[ExI] Enhanced humans: the new arms (nephilim) race

spike spike66 at att.net
Wed Oct 20 23:37:58 UTC 2010


 

> ...On Behalf Of Joseph Bloch
> Subject: Re: [ExI] Enhanced humans: the new arms (nephilim) race
> 
> On Wed, Oct 20, 2010 at 1:22 PM, spike <spike66 at att.net> wrote:
> >
> > Ja.  If anything, transforming into a posthuman would automatically 
> > mean a dramatic gain in dignity.
> 
> Unfortunately, one of the most common arguments I've run 
> across against Transhumanism is the "loss of human dignity" 
> argument. Casual dismissal isn't the right way to deal with 
> it, as it seems to be growing amongst those who can't find 
> any argument against Transhumanist technologies and 
> techniques from a utilitarian point of view... Joseph

I have heard it before.  I try the light hearted approach, pointing out that
I have so much dignity, I could lose quite a bit of it and never miss it.
But it isn't just me.  Look at the clothing we have now, and compare to the
clothing from a few hundred years ago.  They looked reaaallly stupid, as
dumb as those guys who wear their pants around their knees.  So we gained a
ton of dignity just by not wearing stupid looking clothing.  Looks like we
could give up all that and still be a breakeven with the old timers.
Another thing that has occurred in just the past couple hundred years or
less: universal warm running water in homes makes it possible to bathe every
day, so we don't go around stinking.  This is a huge human dignity advance,
which we could cash in and still at least break even.
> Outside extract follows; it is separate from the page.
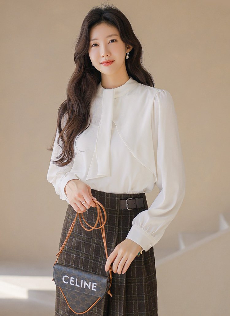 자연스럽게 떨어지는 리본 디테일이 우아하면서도 단아한 무드를 선사하는 블라우스에요

Actually I agree Joseph.  The human dignity argument is a vague, almost
undefined notion that people pull out because they are masking something
else entirely: intolerance for human inequality.  If we develop a bunch of
posthuman technologies, the benefits will go wildly disproportionately to
those who are already advanced.  It already works that way: aborigines
didn't benefit much from the development of the PC or the internet.  They
are even farther behind now.

For reasons I don't fully comprehend, humans vary widely on their tolerance
for human inequality.  I see inequality as completely inevitable: advancing
technology gives godlike powers to those who master it and use it, but
actually harms those who eschew it.  The only way I can relate is to imagine
a group of people who do some mysterious procedure, resulting in their
having an average IQ of 160, live an average of 200 years, need to sleep
only four hours a week, make a ton of money, never get sick and can do 400
pull-ups.  It would feel threatening I suppose to live in a world where such
a people existed, especially if they kept that technology to themselves.